* What you are asked to do
Copy nothing but the lines running from the one containing "創大馬場校長(右5)前往高雄大學拜會,受到王學亮校長(右4)熱烈歡迎。" through the end of the listing below. Drop the pictures.

* Provided material
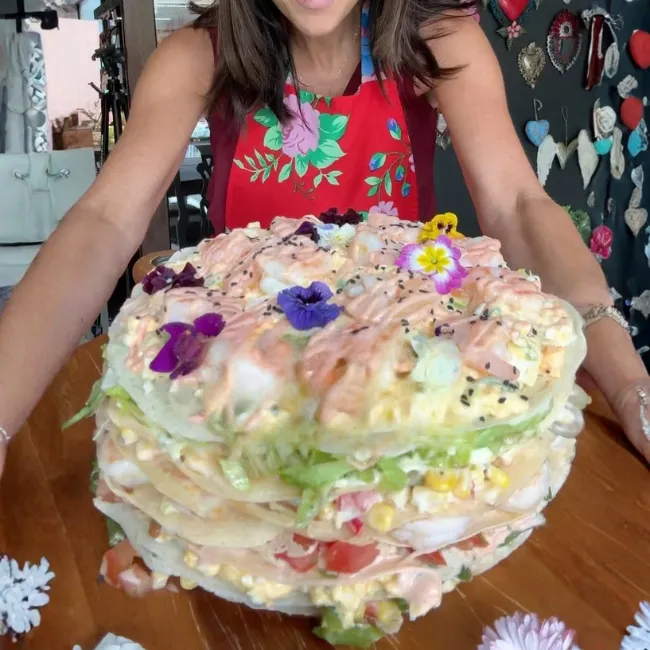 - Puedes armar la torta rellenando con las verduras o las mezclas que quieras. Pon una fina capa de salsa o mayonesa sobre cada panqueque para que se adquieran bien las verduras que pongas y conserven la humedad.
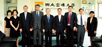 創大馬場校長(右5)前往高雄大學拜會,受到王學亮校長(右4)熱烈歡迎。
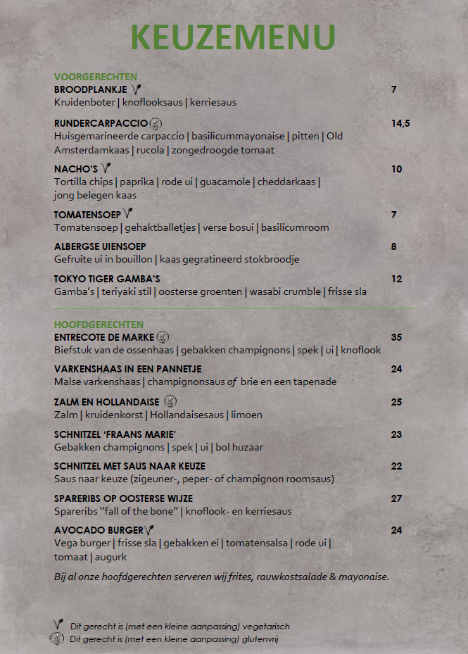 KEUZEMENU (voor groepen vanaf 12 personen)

* Solution to this problem
 創大馬場校長(右5)前往高雄大學拜會,受到王學亮校長(右4)熱烈歡迎。
 KEUZEMENU (voor groepen vanaf 12 personen)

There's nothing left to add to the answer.